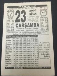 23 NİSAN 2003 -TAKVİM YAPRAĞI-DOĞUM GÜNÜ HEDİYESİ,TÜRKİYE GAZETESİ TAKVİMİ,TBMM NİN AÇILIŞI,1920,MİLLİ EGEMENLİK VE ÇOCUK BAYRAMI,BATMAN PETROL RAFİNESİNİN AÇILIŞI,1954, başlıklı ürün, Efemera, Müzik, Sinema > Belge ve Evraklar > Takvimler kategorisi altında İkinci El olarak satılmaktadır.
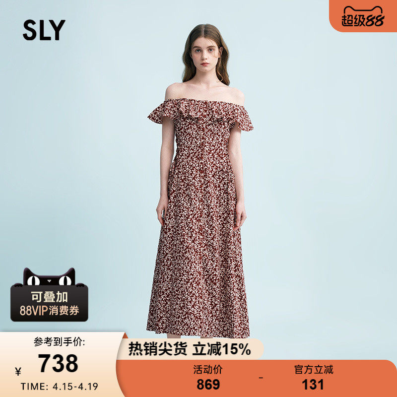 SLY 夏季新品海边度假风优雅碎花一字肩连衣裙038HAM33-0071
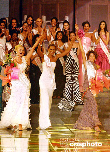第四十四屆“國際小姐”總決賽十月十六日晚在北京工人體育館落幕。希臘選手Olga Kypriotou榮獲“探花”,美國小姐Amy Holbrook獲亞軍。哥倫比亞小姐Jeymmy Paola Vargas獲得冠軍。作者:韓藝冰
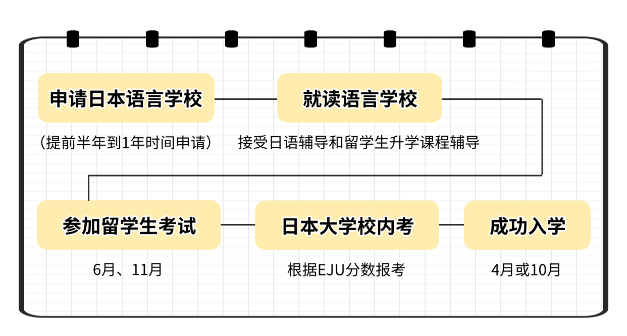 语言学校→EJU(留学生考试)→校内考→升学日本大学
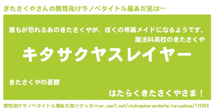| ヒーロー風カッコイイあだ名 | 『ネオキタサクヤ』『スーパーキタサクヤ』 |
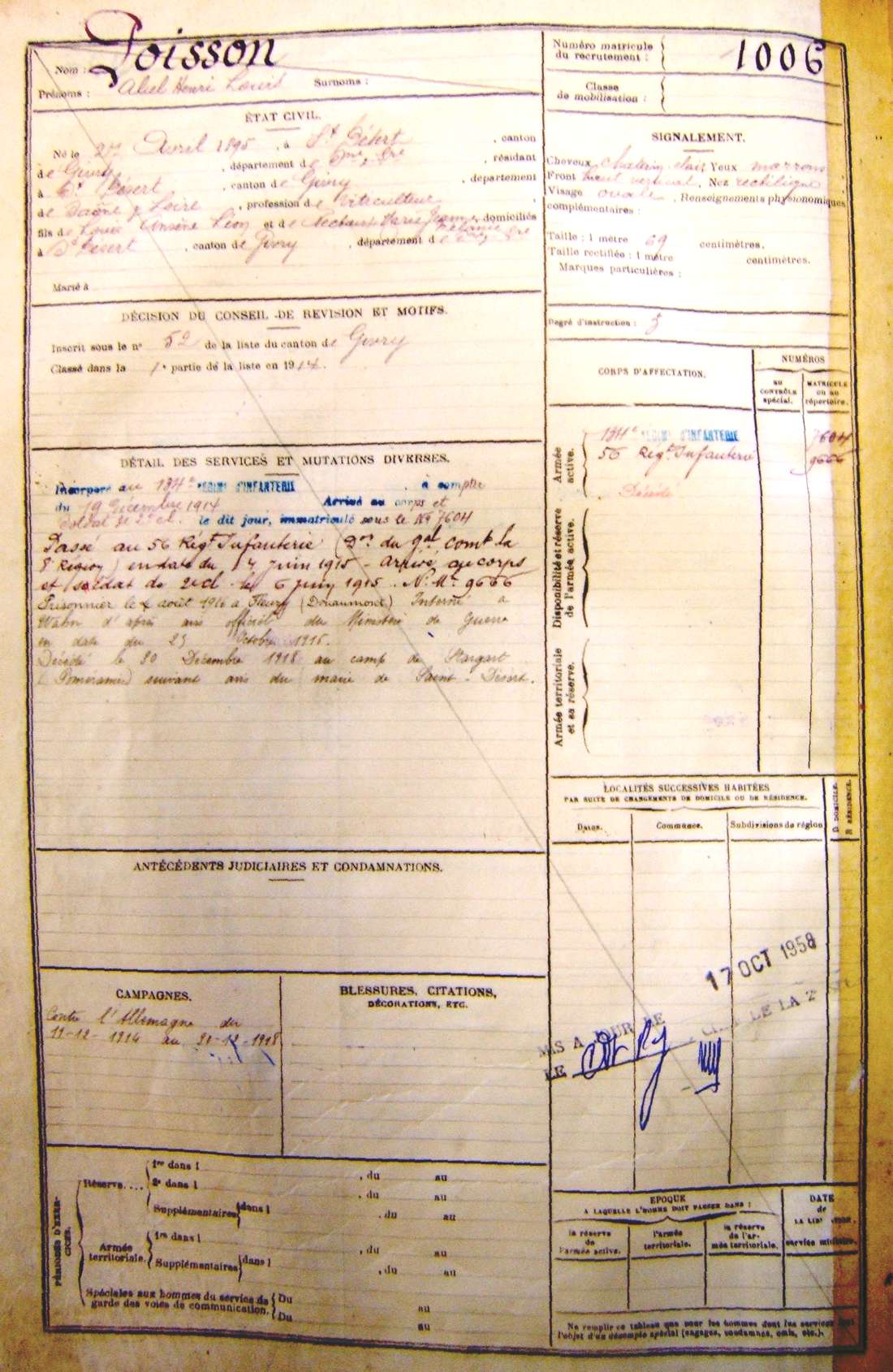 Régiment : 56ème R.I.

########

### WHAT IS BEING ASKED
Please retype exactly the lines from the one containing "语言学校→EJU(留学生考试)→校内考→升学日本大学" to the last line of the records above, both included, without any pictures.

### RESULT OF THIS TASK
 语言学校→EJU(留学生考试)→校内考→升学日本大学
| ヒーロー風カッコイイあだ名 | 『ネオキタサクヤ』『スーパーキタサクヤ』 |
 Régiment : 56ème R.I.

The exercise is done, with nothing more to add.